File metadata and controls

43 lines (35 loc) · 2.8 KB
created 2024-08-29
lastmod 2026-01-26

The Chernoff method, also called the Cramer-Chernoff method, applies [[basic inequalities#Markov's inequality]] to the nonnegative random variable $e^{\lambda X}$, and then chooses $\lambda$ to optimize the bound. This often results in tighter bounds and [[concentration inequalities]] than working with the random variable directly.
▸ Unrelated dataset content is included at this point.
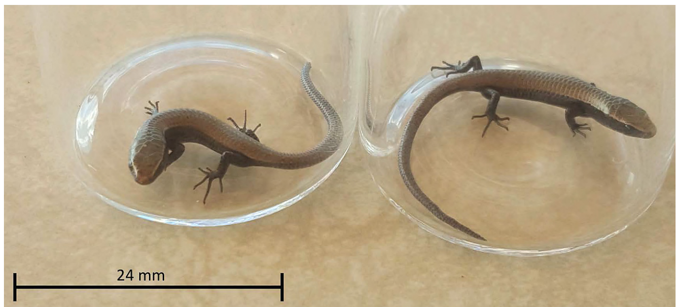
Figure 3. Hatchling Gymnophthalmus underwoodi specimens collected for analysis.

Genomic DNA was extracted from a small piece of tail from specimen #6432 preserved in 95% ethanol using a DNeasy Blood and Tissue Kit (Qiagen, Inc.). Purified DNA was then PCR amplified at 1 mitochondrial (16S) and 1 nuclear ( c-mos ) locus. A 500 base pair fragment of 16S rDNA was generated using the primers 16Sar and 16Sbr (PALUMBI et al. 1991, GenBank accession number KX66265) and a 390 base pair fragment of the nuclear gene c-mos was generated using the primers G73d and G74d (SAINT et al. 1998, GenBank accession number KX66266). Forward and reverse sequences were aligned and edited in BioEdit (HALL 1999) and MEGA 6 (TAMURA et al.

In particular, for a random variable $X$, Markov's inequality gives that $$ \Pr(X\geq t) = \Pr(e^{\lambda X}\geq e^{\lambda t}) \leq e^{-\lambda t}\E[e^{\lambda X}]. $$ This holds for all $\lambda>0$, so we obtain the bound $$ \Pr(X\geq t)\leq \inf_{\lambda >0}e^{-\lambda t}\E[e^{\lambda X}] = \inf_{\lambda >0} e^{-\lambda t}M_X(\lambda), $$ where $M_X$ is the [[MGF]] of $X$. If we place distributional assumptions on $X$ (eg bounded, [[sub-Gaussian distributions|sub-Gaussianity]]), then we can solve for the optimal value of $\lambda$. If $X = \sum_{i\leq n} X_i$ is the sum of iid observations, then $\E[e^{\lambda X}] = \prod_i \E[e^{\lambda X_i}] = n \E[e^{\lambda X_1}]$. This makes the Chernoff particularly attractive under independence assumptions, even though it is not optimal (see below).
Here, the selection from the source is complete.